The bill would make the following other changes:

* Increase judges' discretion and allow some people convicted of first- and second-time drug offenses to receive treatment and probation instead of prison terms.

* Set up drug courts in every county. Drug courts make special efforts to get offenders in treatment programs.

* Raise the weight thresholds for certain drug offenses so that the possible sentence times are reduced.

* Create or expand "second chance" programs for low-level drug defendants, such as the Court Approved Drug Abuse Treatment program, in which offenders' cases can be dismissed or reduced to misdemeanors upon successful completion of treatment.

The legislation on Wednesday passed the Assembly, where it is sponsored by Jeffrion Aubry, D-Queens. Senate Republicans have resisted efforts to further ease the Rockefeller-era drug laws, and district attorneys have strongly opposed such measures.

Cheri O'Donoghue of New York City, said her son, Ashley, was arrested in a sting operation set up by two Hamilton College students who were cooperating with police after they were caught selling drugs on campus. They asked to buy enough cocaine from him to make the charges an A felony.

Ashley, now 24, pleaded the case down to a Class B felony and received a sentence of seven to 21 years, said Cheri O'Donoghue, whose family also has a home in Pleasant Valley, Dutchess County. He has been in prison nearly four years.

People need to take responsibility for their actions, she said, but her son's punishment does not fit the crime.

"When you look at this, you have to ask yourself, 'Does this make sense?' and I don't see how anyone could come away from this and say it makes sense," she said. "We all make mistakes and I think that Ashley should have at least been given a second chance.
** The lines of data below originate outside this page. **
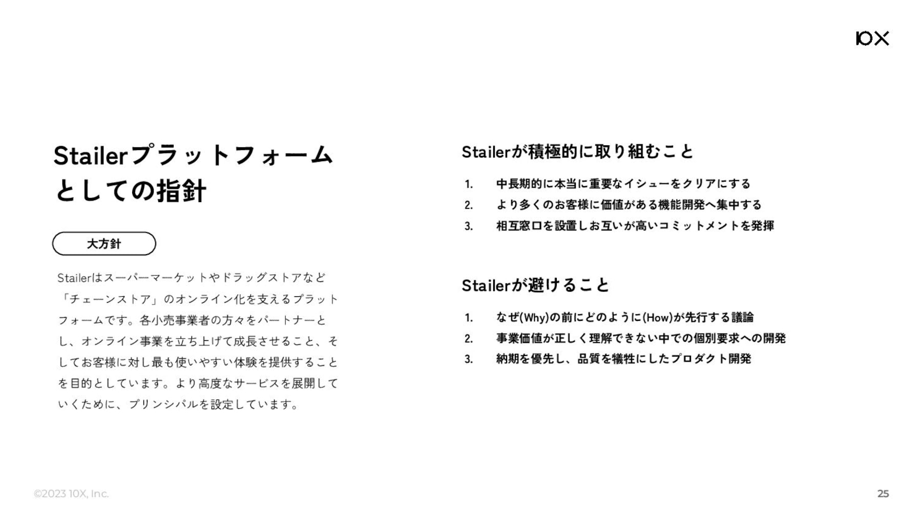 前回は10Xがどのようにプロダクト機能のロードマップを検討し、そして事業を推進するために具体的にどのようなロードマップを想定しているかを書きました。こちらの記事を読んでみてください。 そして続編となる今回は、 Stailer アプリケーションロードマップに対し、全社的にどのようにインプットとなる情報を与え、統合し、ガ
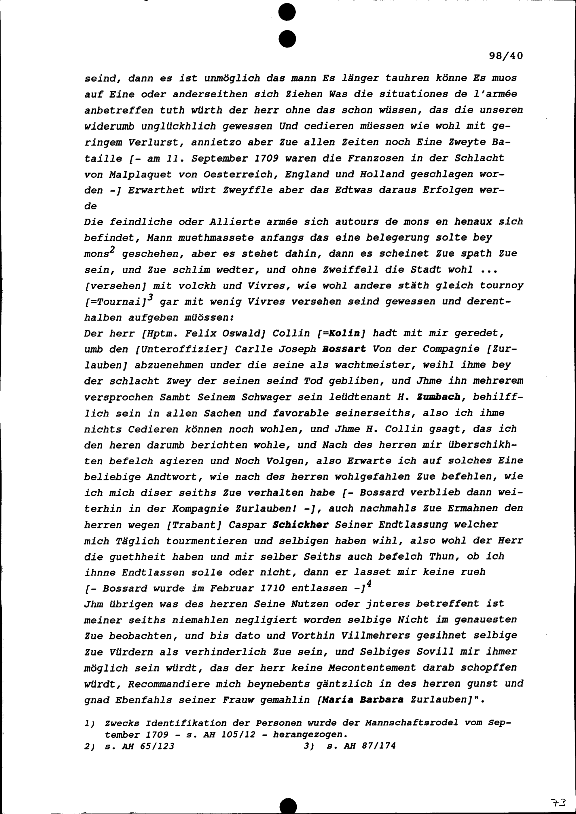Schreiben von Felix Utiger, Kommandant in der Kompanie Zurlauben im Regiment Pfyffer, an Beat Jakob II. Zurlauben, Kompanie Inhaber und Hauptmann
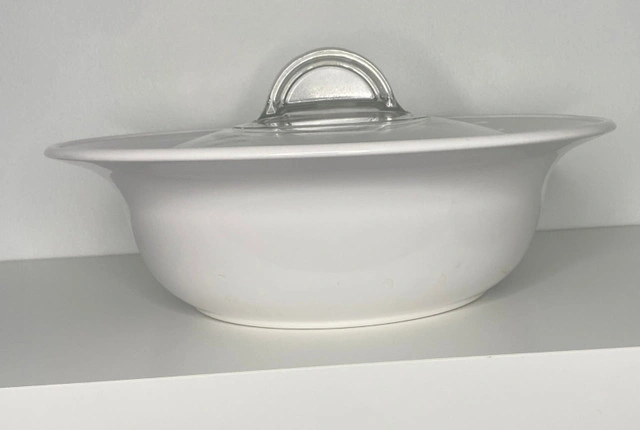 Go oven to table to fridge with the Corning Ware Casual Elegance 10 Inch Covered Casserole Dish. Designed for both beauty and function, this durable, quality casserole dish is perfect for baking, serving, and storing your favorite meals. Its sleek design and white color that is augmented with a floral design complements any table setting. Use the fitted lid to ensure heat retention and easy transport and no mess storage. This Corning Ware Casual Elegance 10 Inch Covered Casserole Dish measures approximately 10 inches in diameter and 3 inches deep. There are no cracks or chips and the lid secures properly. Local pickup is in Etobicoke near Islington and The Westway.
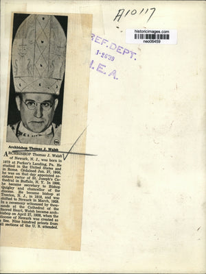 1939 Press Photo Archbishop Thomas J. Walsh of Newark, New Jersey - neo06459
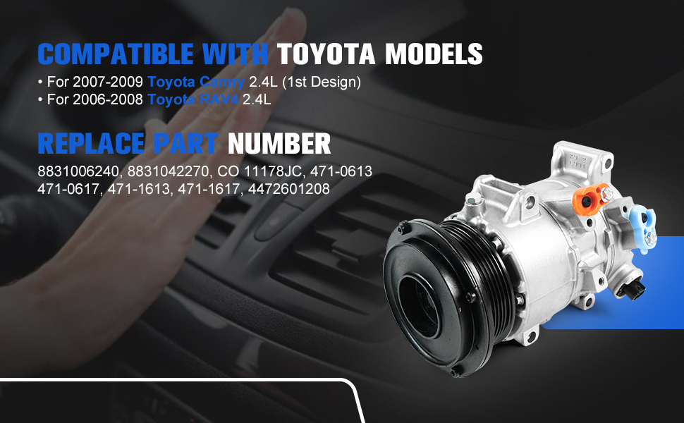 • 【الملاءمة】يتوافق ضاغط تكييف الهواء مع Toyota Camry 2.4L 2007-2009 (التصميم الأول)، وRAV4 2.4L 2006-2008 FWD GAS

These other two kids were given a second chance."

The Drug Policy Alliance estimates that when fully implemented, the state would save about $123 million a year due to fewer prison admissions and reductions in drug-related crime.

According to the Real Reform New York Coalition, less than 30 percent of 1,000 prisoners serving time on Class A-1 and A-2 drug felonies were released after requesting re-sentencing. The re-sentencing process is much slower than expected, the group said.